Entries shown:
···
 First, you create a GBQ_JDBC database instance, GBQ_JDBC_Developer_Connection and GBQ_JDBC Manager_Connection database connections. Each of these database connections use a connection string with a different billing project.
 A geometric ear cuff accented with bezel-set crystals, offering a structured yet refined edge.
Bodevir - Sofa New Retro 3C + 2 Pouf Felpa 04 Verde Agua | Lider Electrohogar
···
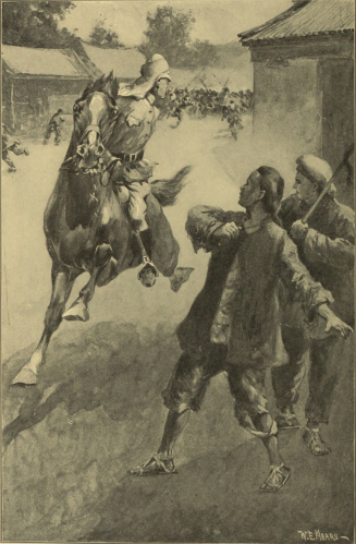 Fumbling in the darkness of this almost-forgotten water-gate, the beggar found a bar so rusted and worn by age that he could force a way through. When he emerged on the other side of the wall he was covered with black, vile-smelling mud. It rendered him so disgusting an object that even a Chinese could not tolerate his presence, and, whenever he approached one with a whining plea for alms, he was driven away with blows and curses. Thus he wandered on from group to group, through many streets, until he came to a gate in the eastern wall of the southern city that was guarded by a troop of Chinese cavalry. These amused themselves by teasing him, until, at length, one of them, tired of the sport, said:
···
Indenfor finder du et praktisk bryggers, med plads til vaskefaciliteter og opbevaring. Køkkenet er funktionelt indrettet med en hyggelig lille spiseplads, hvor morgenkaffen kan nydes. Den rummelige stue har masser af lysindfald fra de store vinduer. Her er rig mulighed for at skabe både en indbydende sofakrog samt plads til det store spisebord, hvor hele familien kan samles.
···
Activity:
Within the listing above, the range opens at the line with "First, you create" and closes at the line with "Bodevir - Sofa". Reproduce exactly the lines of that range, including both ends.

Result of the exercise:
 First, you create a GBQ_JDBC database instance, GBQ_JDBC_Developer_Connection and GBQ_JDBC Manager_Connection database connections. Each of these database connections use a connection string with a different billing project.
 A geometric ear cuff accented with bezel-set crystals, offering a structured yet refined edge.
Bodevir - Sofa New Retro 3C + 2 Pouf Felpa 04 Verde Agua | Lider Electrohogar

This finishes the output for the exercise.